У нас всегда будет Париж (сборник)
Шрифт:
Она напрягла слух, и из ее глаз покатились слезы. И то же самое, пока он вслушивался, происходило с ним.
– Это невыносимо! – сказал он. – Мне нужно встать и перекусить.
– Нет, нет, – сказала она и схватила его за руку. – Лежи тихо и слушай. Может, мы поймем, в чем дело.
Он откинулся на спину, держа ее руку, стараясь смежить веки, но тщетно.
Они лежали, а ветер ворчал, листья дрожали за окном.
Издалека, с большого расстояния, непрерывно доносился плач.
– Кто бы это мог быть? – спросила она. – Что бы это могло быть? Никак не
– Просится к нам? – спросил он.
– К нам жить. Оно не мертвое, оно никогда не жило на свете, но хочет жить. Как ты думаешь… – она засомневалась.
– Что?
– Боже, – сказала она. – Как ты думаешь, наш разговор месяц назад…
– Какой разговор? – спросил он.
– О будущем. О том, что у нас не будет семьи. Не будет семьи, детей.
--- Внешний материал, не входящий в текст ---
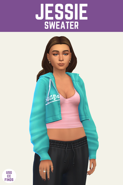 The sweater is a cute cropped zip-up with a tank underneath. There’s a separated file so you can change the colour of the tank top to whatever you want!
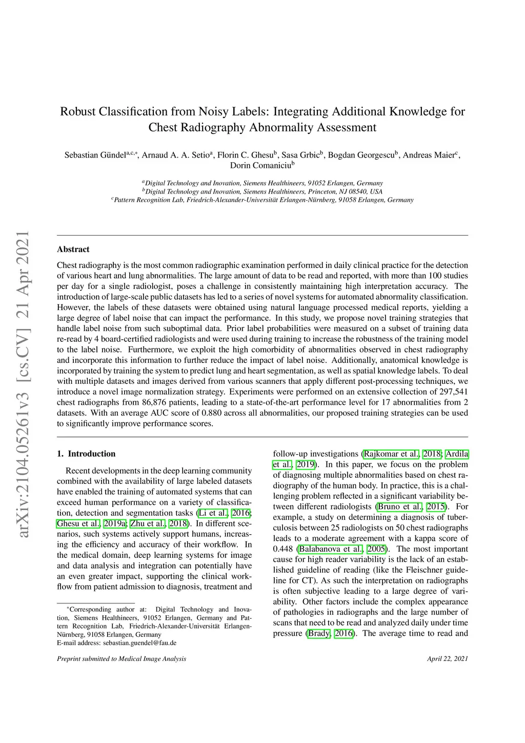 Chest radiography is the most common radiographic examination performed in daily clinical practice for the detection of various heart and lung abnormalities. The large amount of data to be read and reported, with more than 100 studies per day for a single radiologist, poses a challenge in consistently maintaining high interpretation accuracy. The introduction of large-scale public datasets has led to a series of novel systems for automated abnormality classification. However, the labels of these datasets were obtained using natural language processed medical reports, yielding a large degree of label noise that can impact the performance. In this study, we propose novel training strategies that handle label noise from such suboptimal data. Prior label probabilities were measured on a subset of training data re-read by 4 board-certified radiologists and were used during training to increase the robustness of the training model to the label noise. Furthermore, we exploit the high comorbidity of abnormalities observed in chest radiography and incorporate this information to further reduce the impact of label noise. Additionally, anatomical knowledge is incorporated by training the system to predict lung and heart segmentation, as well as spatial knowledge labels. To deal with multiple datasets and images derived from various scanners that apply different post-processing techniques, we introduce a novel image normalization strategy. Experiments were performed on an extensive collection of 297,541 chest radiographs from 86,876 patients, leading to a state-of-the-art performance level for 17 abnormalities from 2 datasets. With an average AUC score of 0.880 across all abnormalities, our proposed training strategies can be used to significantly improve performance scores.
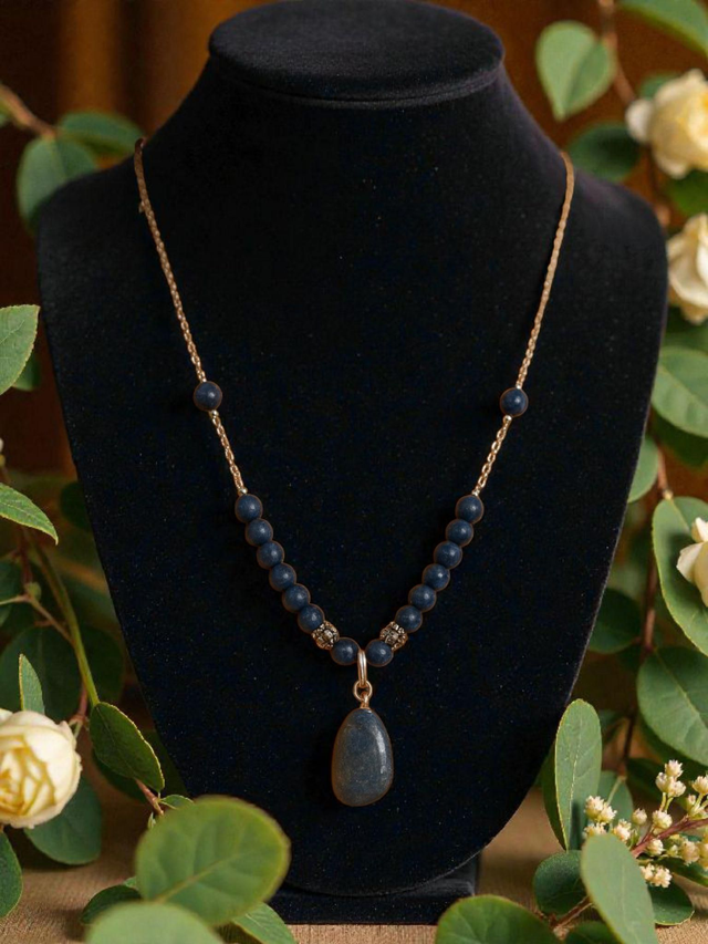 Découvrez ce collier en pierres naturelles de Lapis-lazuli, une pièce qui ajoutera une touche d'élégance à votre tenue.
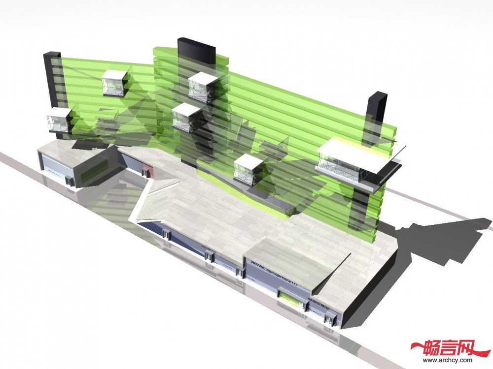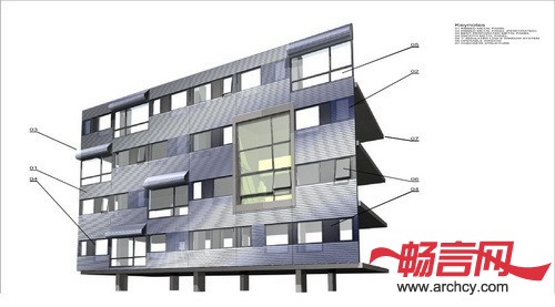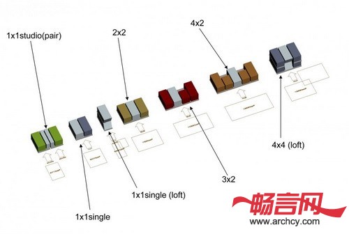 弧形公寓的模块化设计风格参考了宿舍楼单元设计的建造风格,但没有宿舍楼线条硬直的特征。每个公寓会安排一到四间卧室,并且每个楼层的安排都不相同。这个灵活的规划将带有一间浴室的公寓同带有四间浴室的公寓结合起来,创造了无规则的接合点,从而获得了一种意想不到的效果。这些接合点位于大楼的内部,从建筑外部透过嵌在墙上的窗户便可以看到它们,它们统一采用白色的带状幕墙装饰,围绕着整座大楼的结构分布。

– Не припоминаю, – сказал он.
– А ты припомни, – сказала она, – мы пообещали друг другу, что у нас не будет ни семьи, ни детей. – Она замялась и промолвила: – Ни младенцев.
– Ни детей? Ни младенцев?
– Как ты думаешь… – Она приподняла голову и прислушалась к отдаленным стонам за окном, за деревьями, в открытом поле. – А что, если…
– Что? – спросил он.
– Может, тебе перебраться на мою половину кровати?
– Ты хочешь, чтобы я перебрался к тебе?
– Да, пожалуйста, перебирайся ко мне.
Он повернулся, посмотрел на нее и, наконец, перекатился к ней. Далеко-далеко на городских часах пробило четверть четвертого, половину четвертого, без четверти четыре, потом четыре.
Они лежали и прислушивались.
– Слышишь? – спросила она.
– Слушаю.
– Плач.
– Перестал, – сказал он.
– Именно. Этот призрак, ребенок, младенец, этот плач прекратился, слава богу.
Он взял ее за руку, повернулся к ней и сказал:
– Мы его угомонили.
– Да, угомонили, – сказала она. – Да, боже мой, угомонили!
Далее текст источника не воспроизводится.